A year ago, the first teaser trailer for F1: The Movie dropped at the British Grand Prix in a full-throttle spectacle in front of 150,000 roaring fans at Silverstone. It was a rare convergence of real-world sport and cinematic fiction: Brad Pitt walking the grid in race overalls, the APXGP car pulling out of the garage alongside Mercedes and Ferrari, and the film itself unveiled on the jumbotrons as engines revved on track.

The film’s realistic portrayal arrives as F1 enjoys an unprecedented surge in global popularity. Since the success of Netflix’s sports documentary-turned-soap opera, Drive to Survive, the paddock has transformed into a catwalk, the drivers into household names, and the fan base into a younger, louder, and more diverse force. And it’s not just the men’s grid getting attention – the rise of F1 Academy is bringing a much-needed spotlight to the women pushing for a seat on the grid, with new investment, visibility, and a whole new community of fans watching closely.

That’s what Sonny teaches the team – that if everyone works to an optimal level and focuses, anything’s possible. It’s about the team, because that’s the beautiful thing about F1 – there are so many components, and winning requires everyone to be on top of their game.

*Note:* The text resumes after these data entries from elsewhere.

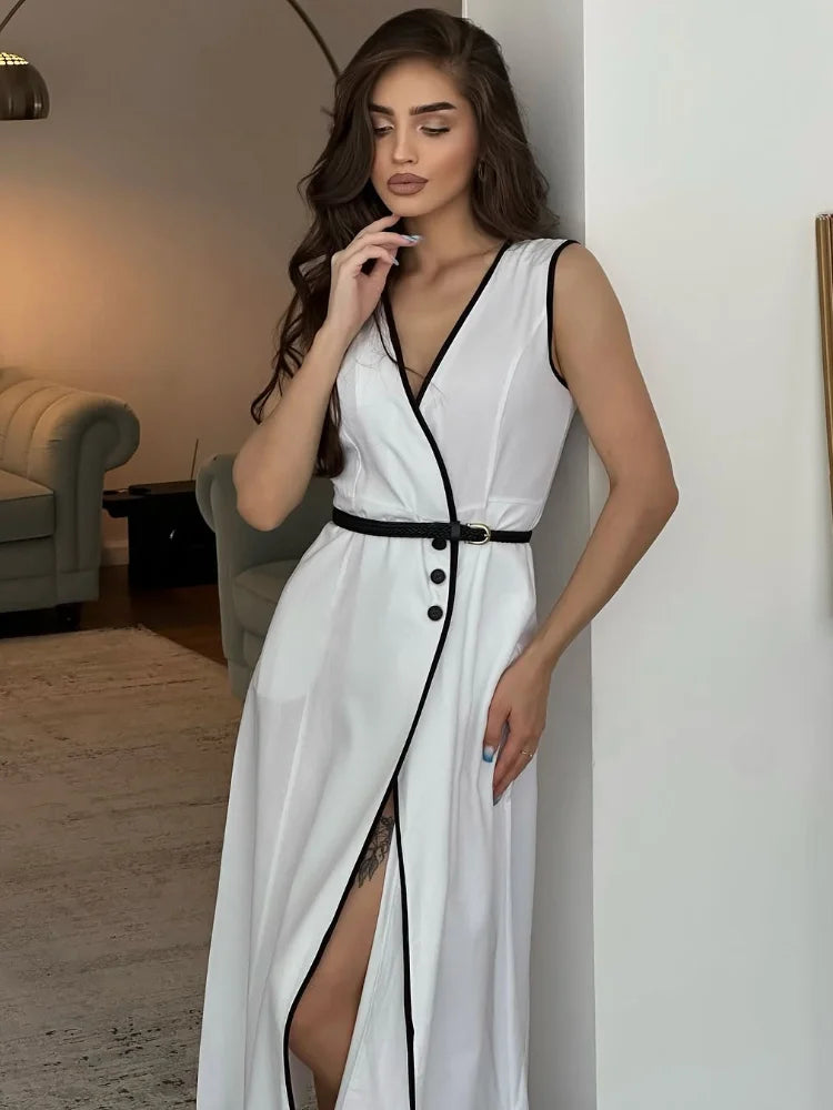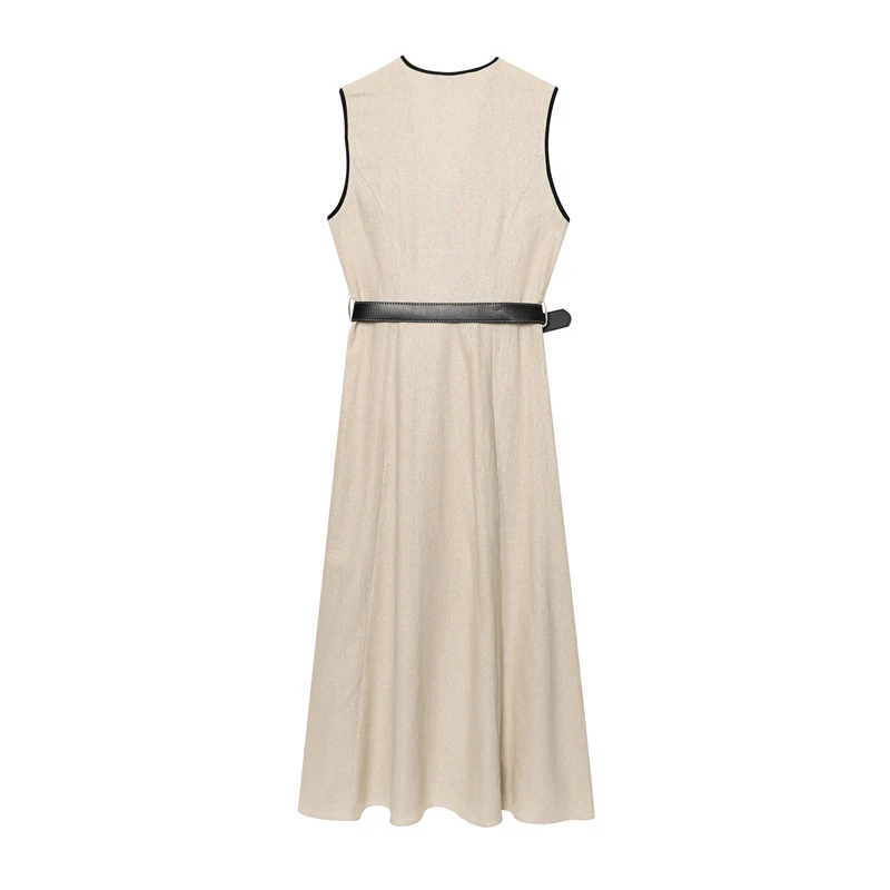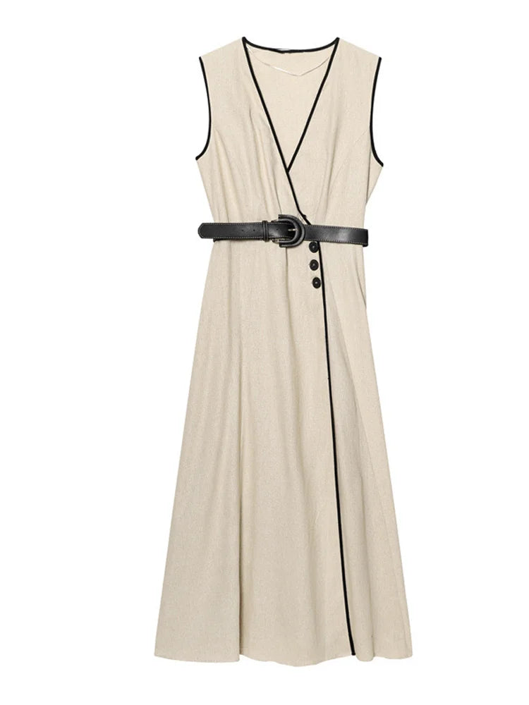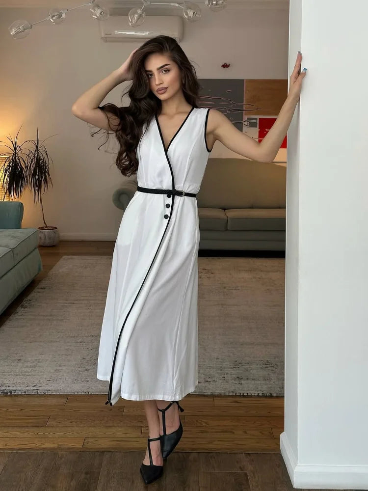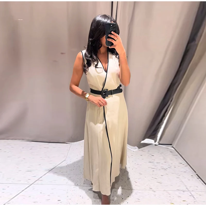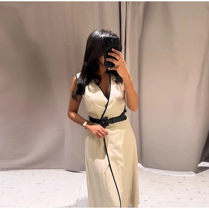 MQTIME - Elegant Cotton Sling Dresses Women Fashionable V-neck Sleeveless High Waist Slim Fit Long Dress Female Summer Holiday Robe
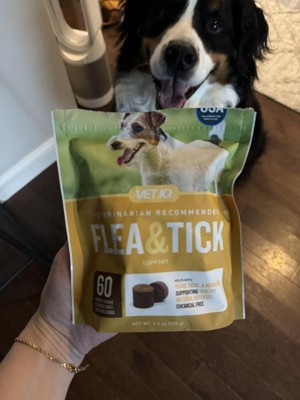 - Our tasty chews were made with dogs and pet parents in mind. The VetIQ® Flea & Tick Support for Dogs is a tasty hickory smoke-flavored soft chew that your dog will love, making flea and tick support easy and efficient for all pet parents
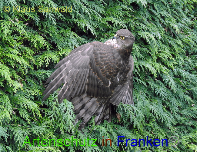 Versucht sich einen Kleinvogel an den Vogelfutterstellen zu holen.Der Greifvogel aus der Familie der Habichtartigen ist ein sehr geschickter Jäger.Die früheren starken Nachstellungen und die Bejagung hat er überlebt und zählt inzwischen zu den streng geschützten Vogelarten.
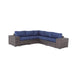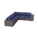 Rattan Wicker 4 Person Seating Group With Cushions Stylish & Comfortable Outdoor Lounge Set - Brown / Navy Blue
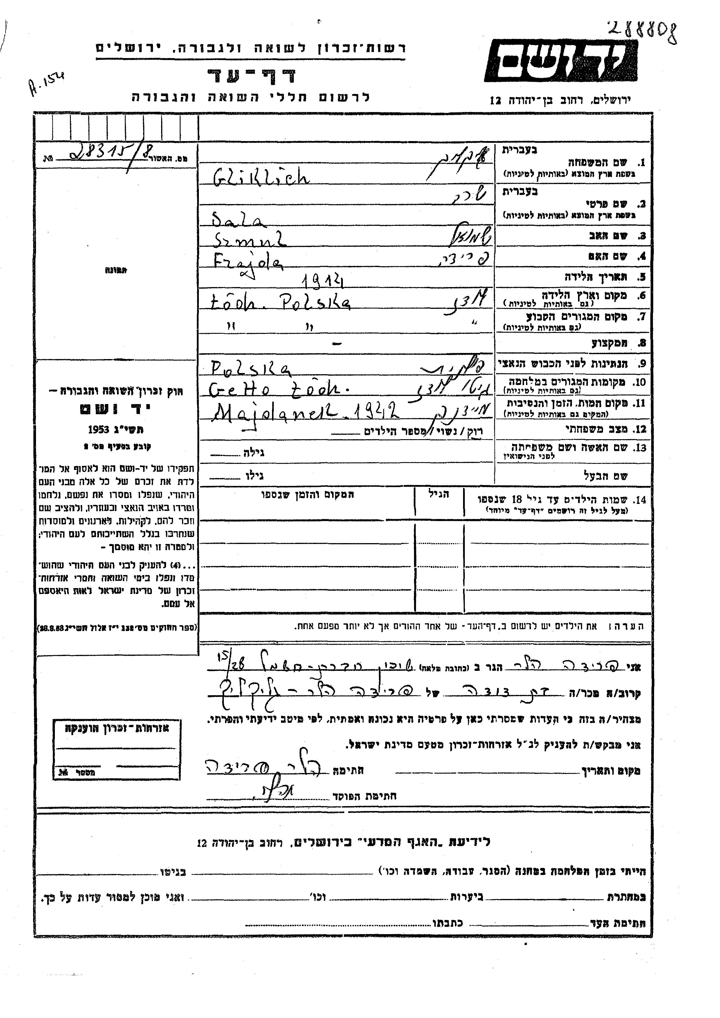 Гликлих Сара 1914 Лодзь, Польша Лист свидетельских показаний

If everyone is full of passion and drive and focus, anything’s possible.

Shirt OWEN EDWARD SNAITH

Perhaps the drivers’ daring style is rubbing off on Merrick? “Lewis is the best dressed by a mile,” he asserts. “But I’ve also got massive love for Lando and his Union Jack bucket hat – it makes me feel patriotic in a ‘Brits abroad’ kind of way.” Across a series of international premieres, Merrick’s own red carpet wardrobe has been turning heads, from a vintage pinstripe suit and sheer tank with leather ballet flats in New York, to a distressed white Maison Margiela ensemble in London.

F1: The Movie raced to the top of the global box office on opening weekend, earning over $140 million. Its scale extends beyond the screen, with a star-studded soundtrack featuring 17 original songs by artists like Ed Sheeran, Burna Boy, Doja Cat, Raye, Tate McRae and Rosé, plus a sweeping score by legendary composer Hans Zimmer. But amid all the A-list attention, Merrick says it was his castmates who have helped keep things grounded. Their off-camera chemistry carried through to the smallest things, including each other’s questionable music choices. When asked what he listened to to get into character, Merrick smirks. “I made quite a bro-y playlist,” he says. “Actually, my castmate Callie Cook saw on my Spotify that I had a playlist called ‘Hugh Nickelby,’ and when I told her I’d made a playlist for the character, she told me it was an ick.”

Merrick knows better than most the impact a close cast can have. Long before F1 pit lanes, there was Skins – the show that gave him both a breakout role and lifelong friendships. “I still see Alex Arnold, and we played best mates in the show, along with Freya Maver, Sam Jackson and Laya Lewis,” he shares. “We all met up recently, and I felt slightly apprehensive, but it was the easiest, most instant connection; everyone sort of fit back into the role they played within the group.” 

Looking back on the early days of the provocative teen drama, Merrick admits he took the work with an intense seriousness. “I was so focused and boring on that show,” he confesses. While some of the cast relaxed into the perks of teenage fame, Merrick treated the scripts with the rigour of a Shakespearean actor. “I analysed that dialogue like I was playing fucking Hamlet. I was going through the dialogue thinking, what does that say about the character? And I’d be saying something ridiculous like, ‘Let’s go find a massive bag of weed.’” 

Perhaps what continues to surprise Merrick most is how Skins remains culturally relevant years on. “I’m so fascinated by [Skins’ appeal]. It’s so interesting that a whole new generation, who have a very different culture from the one we’re portraying in Skins, can access it. I guess there is just a universal experience of being 17. And, I guess it was the same for us living it too; we were just kids.” The show’s honest portrayal of adolescence won it a cult status and continues drawing in new fans today. That same mix of care, curiosity and dry humour has carried Merrick from his teen drama days to the centre of a global blockbuster set to take over this summer.